Kultur in Kempen Berührende Klänge aus Afghanistan

Kempen · Das Anim-Ensemble entführte die Zuhörer in der Paterskirche in fremde Welten.

Auf dem Boden sitzend präsentierte das Anim-Ensemble in der Paterskirche Musik aus Afghanistan.

Foto: Norbert Prümen

(tg) Ein musikalisches Erlebnis wurde dem Kempener Publikum jetzt im Kulturforum geboten. Ein fünfköpfiges Ensemble afghani­scher Musiker gab im Rahmen der Konzertreihe „Klangkosmos Welt­musik in NRW“ eine Kostprobe der reichen Musiktradition dieses zen­tralasiatischen Landes und vermittel­te auch Einblicke in die bewegte afghani­sche Geschichte. Die auf dem Boden sitzend spielen­de und traditio­nell gekleidete Grup­pe wurde von Ustad („Meister“) Murad Sarkhosh angeleitet, der die Ghichak, eine Art Streichfidel, spiel­te und auch den Gesang übernahm. Ihm zur Seite stand Ustad Ibra­him Ibrahimi an der Tabla (zwei kleine Handtrom­meln). Dazu kamen die „Nachwuchs­kräfte“ Huma Rahimi an der Sitar (gezupfte Langhalslau­te), Ramez Sa­far an der Rubab (eine Schalenhal­slaute, die als Nationalin­strument gilt) sowie Bilal Asify am Harmoni­um (wie ein kleines Akkorde­on, einst von englischen Missiona­ren in Indien eingeführt).

Die Instru­mente belegen die unter­schiedlichen Einflüsse, denen Af­ghanistan in der Vergangenheit aus­gesetzt war. Die in verschiedenen Besetzungen gespiel­ten Stücke ent­stammten teils der klassischen af­ghanischen Musik, die stark von der indischen höfischen Kultur geprägt wurde, teils der Volksmu­sik, wobei wie­derum zwischen un­terschiedlichen Regionen und Völkern des Landes zu unterscheiden ist. Grundlegende Charakteristika sind das Improvisa­torische, die Wieder­holung der zen­tralen Motive, die durch die Tabla vorgegebene Rhyth­mik sowie die große Virtuosität der einzelnen solis­tischen Partien. Die Melodien deckten, gesteigert noch durch den Gesang und unterstützt durch die va­riable Intensität des Spiels, eine brei­te Palette an Emotio­nen von klagend bis fröhlich ab.

Die Künstler gehören dem Afghani­stan National Institute of Music (Anim) an. Die Hochschule wur­de 2010 mit dem Anspruch gegrün­det, die afghanische Musiktradition zu erforschen und fortzuführen.
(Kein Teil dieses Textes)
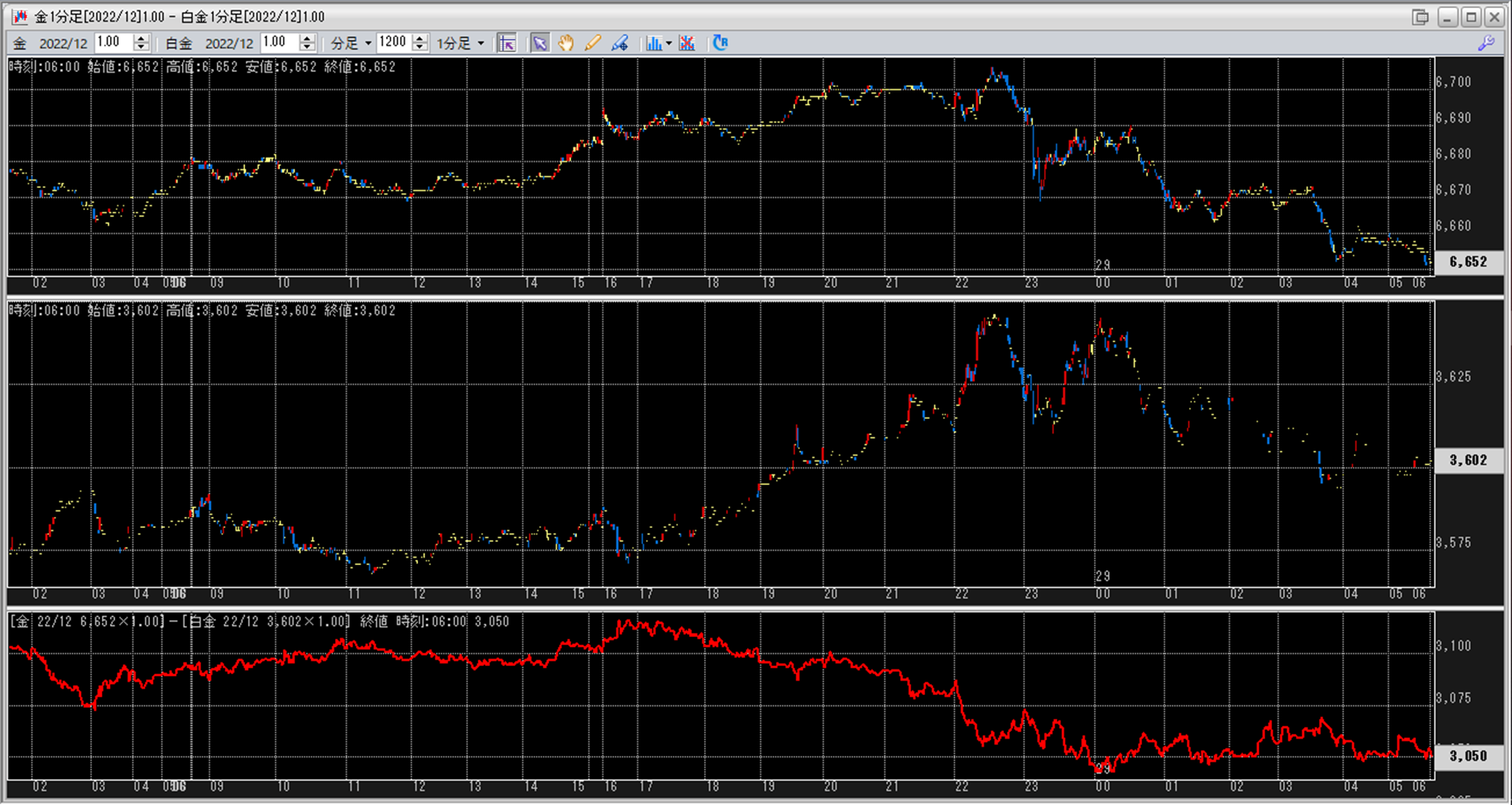 下:金白金鞘(金白金の価格差 = 金1グラムの価格 - 白金1グラムの価格)

So sollte ein demokrati­sches Bildungsangebot – insbeson­dere auch für Frauen – gemacht wer­den. 2014 entstand eine Kooperation mit der Hochschule für Musik Franz Liszt in Weimar. Im vergangenen Jahr musste die Einrichtung mit rund 300 Angehörigen nach der Machtü­bernahme durch die Taliban ins Exil gehen, da sich die Intoleranz des neuen Regimes auch auf jegliche musikalische Äußerung erstreckt. Nach einer Zwischenstation in Katar hat sich das Anim mittlerweile in Portugal niedergelassen, wo es der­zeit neu aufgebaut wird.

Der Konzertabend führte am Donnerstag daher nicht nur den Reichtum der afghanischen Musik vor Augen, sondern war auch ein bewegendes Zeugnis des Le­benswillens einer unterdrückten Na­tion.